Mattinata e pomeriggio a casa, la
febbre della notte mi ha messo KO.
Oggi sto meglio ma devo riguardarmi un
attimo, non ho più vent'anni. Dato che mi sento bene decido però di
dare un po' d'aria a Giulia e la obbligo ad uscire senza le bimbe.
Anche solo un paio d'ore. In fin dei conti stanno dormendo,
dormiranno ancora un po', riuscirò a sopravvivere senza troppi
problemi.
Passa un'ora e ancora nessuna delle
bimbe si sveglia. Un po' mi dispiace, speravo in un pomeriggio di
tranquillità ma quando dormono mi mancano un sacco. Decido di
smettere completamente i panni del bravo papà e di fare un po' di
rumore per svegliarle. Mi avvicino alla cameretta e sento Bianca che
mugula e Gaia che la incita. Mi metto nascosto fuori dalla porta e
ascolto.
Gaia “Forza che ce la fai, ci sei
quasi”
Bianca “Quanto manca, quanto manca”
Mi affaccio e vedo Gaia che è in piedi
sul suo lettino e guarda Bianca intenta a cercare di afferrare una
delle api colorate che ha appeso sopra la testa. Per quanto siano
vicine lo sforzo è considerevole, Bianca è paonazza, occhi stretti
sguardo fisso sull'obiettivo, mano sinistra protesa e gambe stese e
tinche.
G “Ti manca molto poco, ci sei quasi,
non mollare”
B “Ce la faccio, ce la faccio. Quanto
manca?”
G “Dai che ci sei pochissimo, in
pratica ci sei”.
Sono bellissime, Gaia sembra un
allenatore della Boxe, di quelli protesi verso il ring e verso il
proprio assistito, di quelli che se potessero entrerebbero per
picchiare l'avversario.
B “Non ce la faccio più, me la
faccio sotto”
G “Non mollare, meglio farsela sotto
che arrendersi, ci sei quasi, ti giuro che ci sei vicina”.

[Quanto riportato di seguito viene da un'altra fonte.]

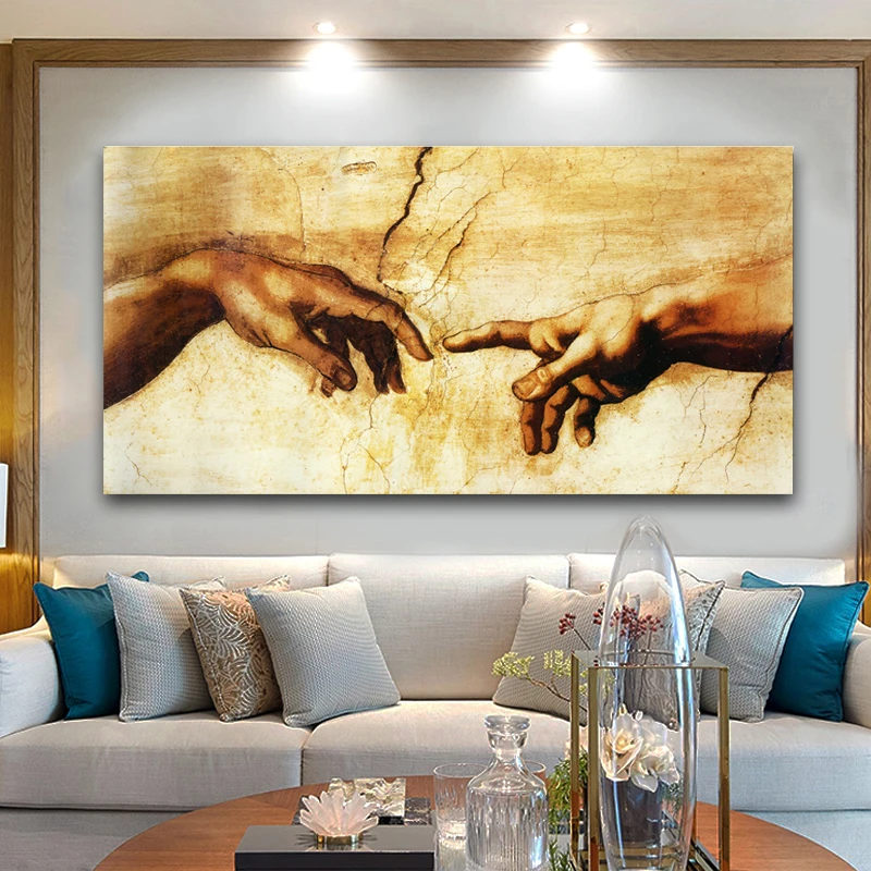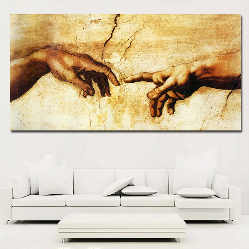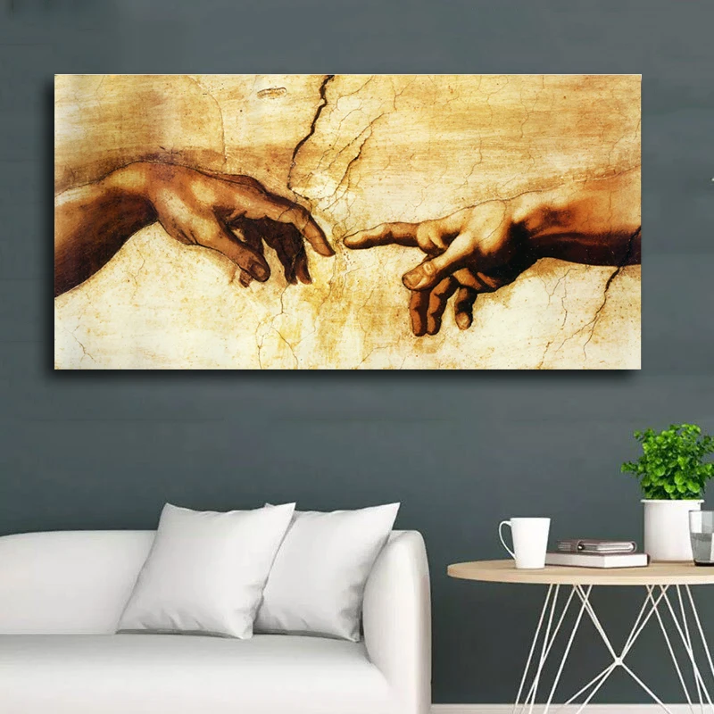 Картина на холсте, черно-белая, с изображением руки Бога, творчества Адама, настенные картины для декора гостиной (без рамки)

In realtà Bianca non è così vicina,
Gaia forse se ne accorge o forse è ingannata dalla prospettiva ma
Bianca non è così vicina. Però la incoraggia.
G “Dai piccolina, forza, sei una
forza, ci sei quasi”
A stento riesco a rimanere nascosto,
vorrei entrare in camera, strappare l'ape dal filo che la sostiene e
darla a Bianca mentre le abbraccio entrambe. Tengo duro anche io.

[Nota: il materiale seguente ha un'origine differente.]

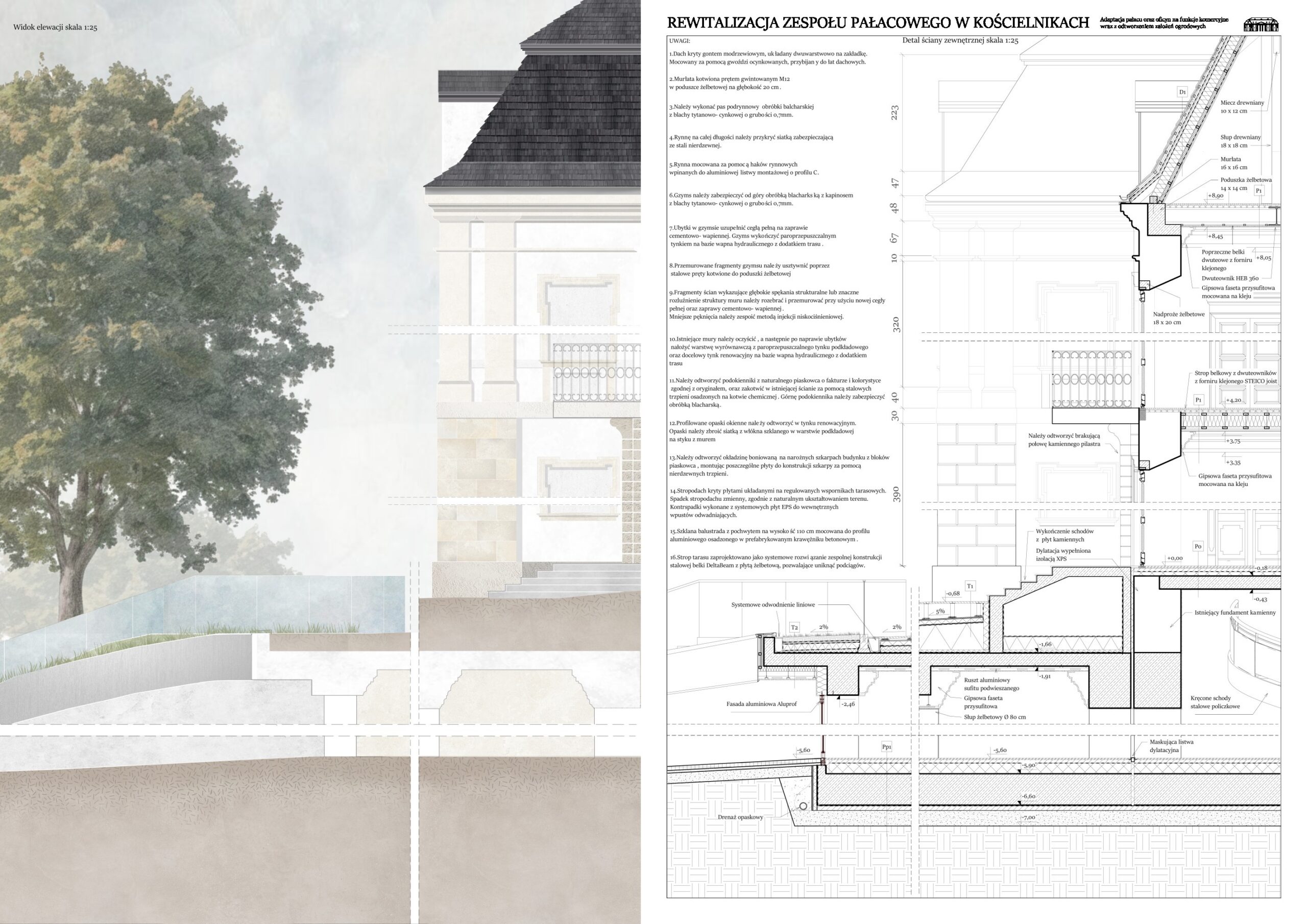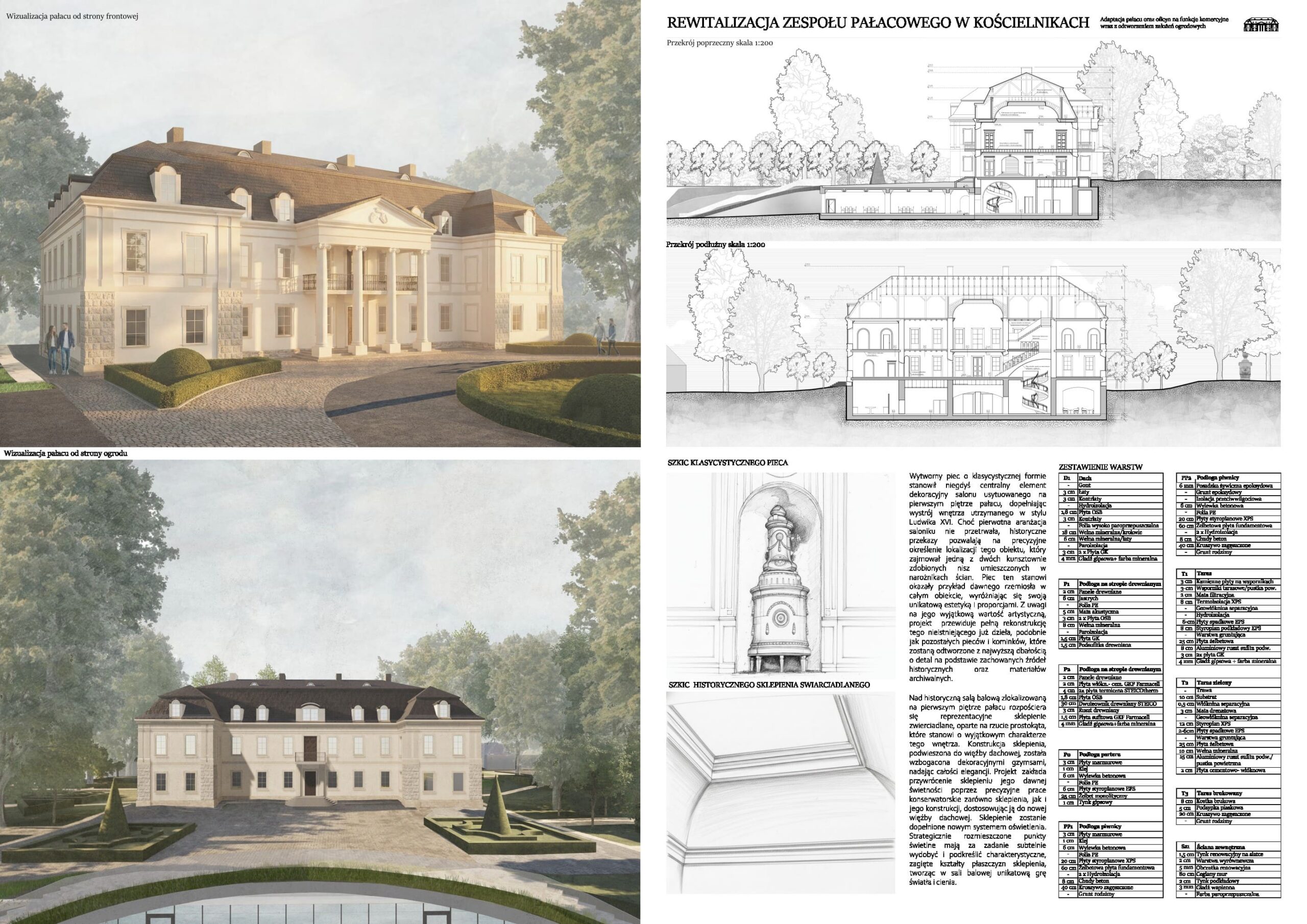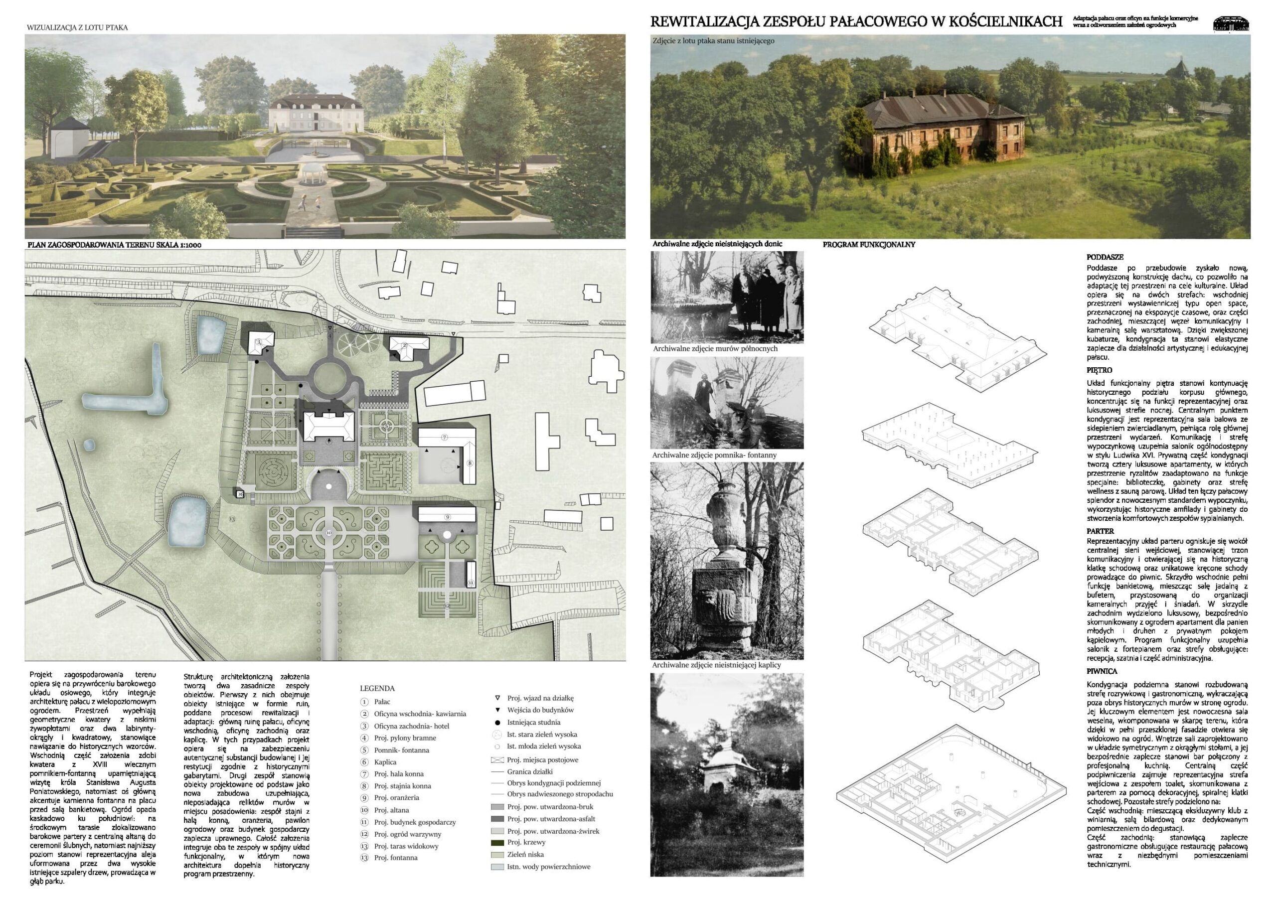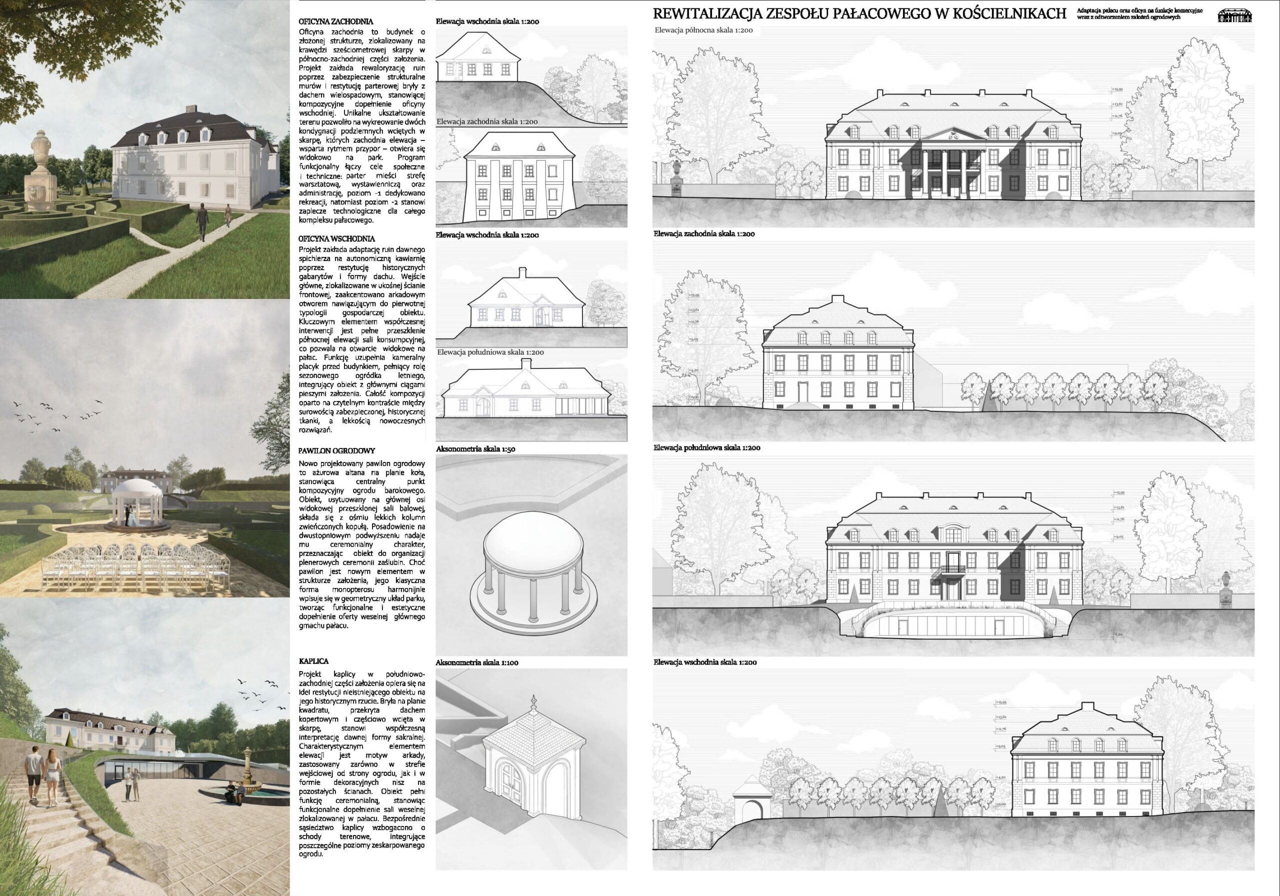 Niniejsza praca magisterska podejmuje problematykę rewitalizacji zabytkowych założeń rezydencjonalnych na przykładzie projektu adaptacji pałacu w Kościelnikach na funkcje komercyjne wraz z rewaloryzacją ogrodu. Integralną częścią pracy jest esej badawczy analizujący procesy adaptacji pałaców w Nakomiadach i Kurozwękach, który dowodzi, że kluczem do sukcesu inwestycji jest balans między ochroną autentyzmu a trwałością ekonomiczną. Równolegle, w oparciu o szczegółową dokumentację źródłową, opracowano studium historyczno-konserwatorskie pałacu w Kościelnikach, stanowiące merytoryczną podstawę działań projektowych. Zwieńczeniem pracy jest opis techniczny projektu, który łączy wytyczne konserwatorskie z wnioskami z analizy porównawczej, proponując wprowadzenie nowych funkcji użytkowych przy jednoczesnym odtworzeniu założeń ogrodowych. Całość opracowania wskazuje drogę do przywrócenia historycznej tożsamości zdegradowanego pałacu oraz obiektów znajdujących się na terenie zespołu pałacowego i

Bianca è in stallo e Gaia se ne rende
conto.
G “Piccolina, facciamo così, conto
fino a tre e tu fai un ultimo grande sforzo e ti butti, vedrai che ce
la fai”
B “Vai, conta”. Bianca è rossa
come un pomodoro, credo sia in apnea da due minuti per lo sforzo.
Gaia conta “Uno, due e tre”.
A questo punto Bianca si slancia, le
sue dita cicciottelle e corte sfiorano l'ape di quel tanto da
permetterla di stringerla. Ce l'ha fatta, rimane appesa qualche
istante, giusto il tempo di rilassare un po' i muscoli e poi si
lascia cadere nel letto soddisfatta.
Sono un padre in estasi, la sorella
grande ha appena guidato la piccola in un piccolo trionfo. Trattengo
a stento le lacrime ma non l'orgoglio quando sento gaia che riprende.

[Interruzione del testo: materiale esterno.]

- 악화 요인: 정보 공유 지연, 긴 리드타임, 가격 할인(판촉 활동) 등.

G “Forza, ci sei quasi, un ultimo
piccolo sforzo”.
Ritorno in me e rivedo la stessa
identica scena dell'inizio.
Bianca distesa, paonazza, contratta che
cerca di afferrare l'ape.
Non capisco ed entro.
N “Ciao piccole, che fate?”
G “Bianca si allena”
N “Che bello, cosa si allena a fare?”
G “A raggiungere un obiettivo alla
portata ma non facile”
N “Che brave, ho visto che c'è
riuscita, perchè continuate”
B “Ci sono riuscita quattro volte
negli ultimi cinque tentativi”
N “Ma allora perchè continui, sei
paonazza, grondi sudore e sei affaticata?”
B “Perchè mi dovrei fermare?”
N “Perchè ce l'hai fatta, hai
raggiunto il tuo obiettivo”
B “Ma io mi sto allenando adesso”
mi dice sbigottita dal fatto che io non capisca
N “E quindi?”, in effetti io non
capisco, è riuscita in quello che si era prefissata. E qui
interviene la sorella.
G “Perchè non ci si allena fino a
quando una cosa riesce, ci si allena fino a quando non si sbaglia
più. Non ci accontentiamo di sapere che una volta ce l'abbiamo fatta, noi avremo in pugno i nostri obiettivi”. Lo dice guardando Bianca che, sfruttando il fatto che la
sorella parlava, ha nuovamente afferrato l'ape.